SNI.ID, AMBON – Komisaris Utama PT PLN Energi Gas, Saiful Chaniago, menegaskan Advance Training Latihan Kader (LK) III Tingkat Nasional yang digelar BADKO Himpunan Mahasiswa Islam (HMI) Maluku bukan sekadar agenda kaderisasi organisasi.
Menurutnya, kegiatan tersebut menjadi momentum penting untuk menyiapkan generasi pemimpin yang memiliki kapasitas intelektual, integritas moral, dan komitmen kebangsaan dalam menjawab berbagai tantangan pembangunan, khususnya di Provinsi Maluku.
Pernyataan itu disampaikan Saiful kepada media usai menghadiri pembukaan Advance Training LK III Tingkat Nasional BADKO HMI Maluku di Gedung Islamic Center Ambon, Sabtu (25/7/2026).
Mantan Ketua BADKO HMI Maluku-Maluku Utara itu mengatakan, LK III merupakan jenjang kaderisasi tertinggi di HMI yang menjadi titik penting dalam membentuk karakter kepemimpinan seorang kader.
“Advanced Training adalah proses pembentukan kepemimpinan pada level tertinggi di HMI. Di sinilah kualitas seorang kader benar-benar ditempa agar memiliki integritas, wawasan kebangsaan, serta kemampuan memimpin dengan penuh tanggung jawab,” kata Saiful.
Ia menjelaskan, pada jenjang tersebut peserta tidak hanya dituntut memiliki kemampuan akademik dan intelektual, tetapi juga harus memiliki kematangan berpikir, kepekaan sosial, serta kemampuan melahirkan solusi bagi berbagai persoalan bangsa.
Menurut Saiful, tantangan pembangunan yang dihadapi Indonesia, termasuk Maluku, terus berkembang seiring perubahan zaman.

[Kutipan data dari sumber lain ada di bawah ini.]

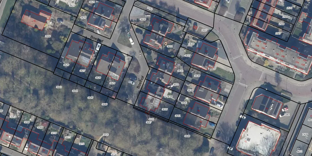 Het perceel waarop Boelhof 9 staat heeft een oppervlakte van 201 m². Dit is een middelgroot perceel. De perceeloppervlakte wordt geregistreerd door het Kadaster. Gedetailleerde informatie over de maten van dit perceel kunt u vinden in het rapport Kadastrale kaart met maatvoering van Boelhof 9.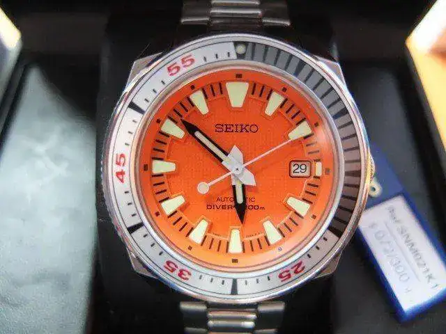 Tiene cristal de zafiro, esfera naranja texturizada, movinmiento automatico 7s35 de 23 rubies, corona a rosca caja de 43mm grosor 14mm sumergible 200mts.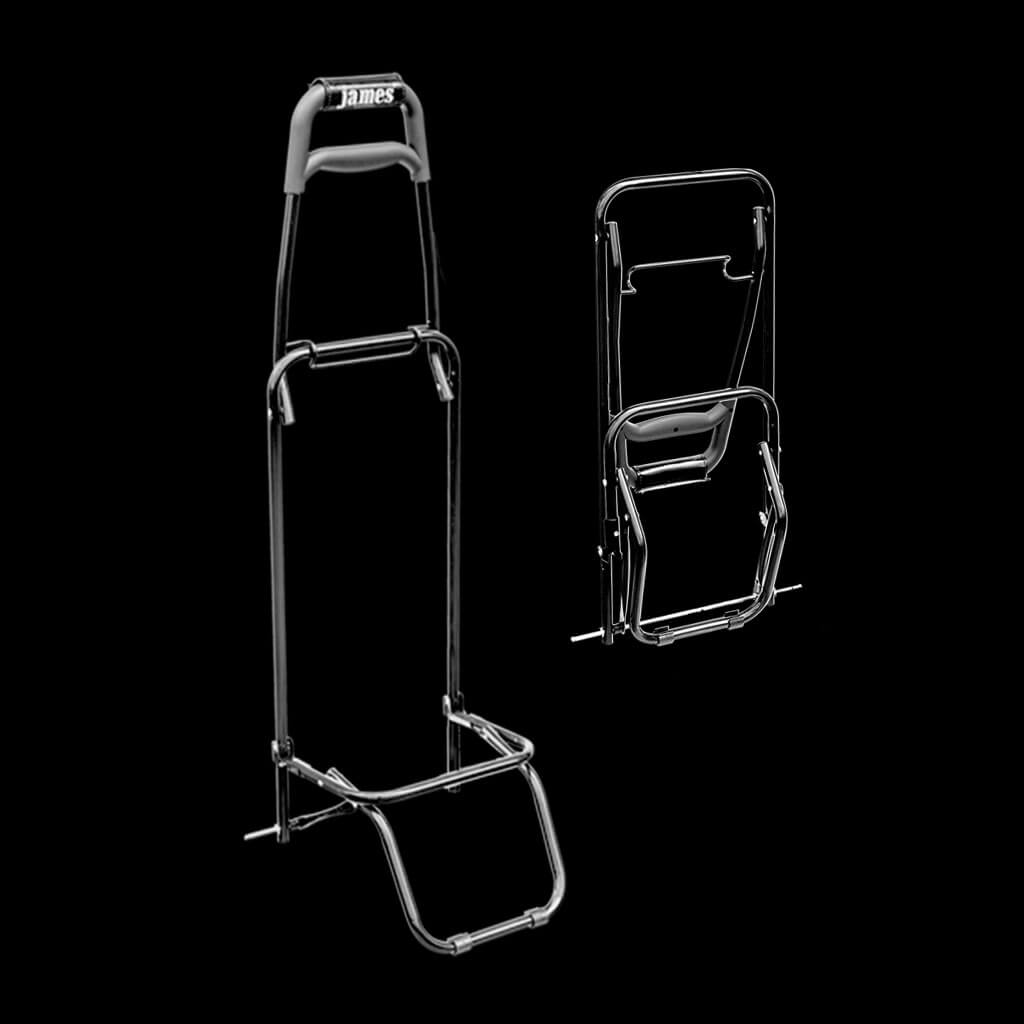 Wenn das bisherige Gestell deiner James-Box silbergrau oder schwarz war, am Rücken 25cm breit, und Räder mit 15cm Durchmesser hatte, dann hast du wahrscheinlich eine "Classic"-Box**, die nun auf folgende Ersatz-/Folgegestelle passt:

Karena itu, proses kaderisasi harus mampu melahirkan pemimpin yang visioner, berintegritas, dan siap menghadapi perubahan.
“Keberhasilan suatu daerah tidak hanya ditentukan oleh kekayaan sumber daya alam, tetapi juga kualitas sumber daya manusia yang memimpin dan menggerakkan pembangunan. Karena itu kaderisasi harus menjadi investasi jangka panjang,” ujarnya.

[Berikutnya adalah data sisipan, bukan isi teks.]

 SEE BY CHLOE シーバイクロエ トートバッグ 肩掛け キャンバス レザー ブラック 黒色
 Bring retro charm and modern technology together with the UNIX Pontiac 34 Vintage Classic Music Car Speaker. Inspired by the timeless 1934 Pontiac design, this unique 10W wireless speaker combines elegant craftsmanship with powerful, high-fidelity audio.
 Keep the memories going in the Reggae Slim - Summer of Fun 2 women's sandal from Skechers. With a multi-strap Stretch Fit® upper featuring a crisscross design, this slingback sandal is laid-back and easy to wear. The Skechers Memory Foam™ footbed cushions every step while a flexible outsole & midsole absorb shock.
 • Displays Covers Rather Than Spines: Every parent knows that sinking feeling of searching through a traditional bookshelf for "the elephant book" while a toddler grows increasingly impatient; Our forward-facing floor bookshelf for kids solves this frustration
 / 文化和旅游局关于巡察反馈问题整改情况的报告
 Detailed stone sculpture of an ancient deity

Saiful juga mengingatkan para peserta agar tidak memandang LK III hanya sebagai tahapan untuk memperoleh kelulusan kaderisasi.
Ia meminta seluruh peserta menjadikan setiap proses pelatihan sebagai ruang belajar untuk membangun pola pikir kepemimpinan yang berorientasi pada kepentingan masyarakat.
“Maluku membutuhkan generasi muda yang memiliki keberanian mengambil tanggung jawab, mampu berkolaborasi, dan siap menjadi bagian dari solusi atas berbagai tantangan pembangunan. Saya berharap LK III ini melahirkan pemimpin-pemimpin yang tidak hanya berhasil secara pribadi, tetapi juga mampu membawa perubahan positif bagi daerah dan Indonesia,” tegasnya.
Saiful optimistis Advance Training LK III BADKO HMI Maluku akan menjadi kawah candradimuka bagi lahirnya kader-kader unggul yang siap mengabdi di berbagai sektor, mulai dari pemerintahan, dunia usaha, akademisi hingga organisasi kemasyarakatan.
Dengan bekal integritas, kapasitas, dan semangat pengabdian, para kader diharapkan mampu menjadi motor penggerak pembangunan yang berpihak pada kepentingan rakyat serta kemajuan bangsa.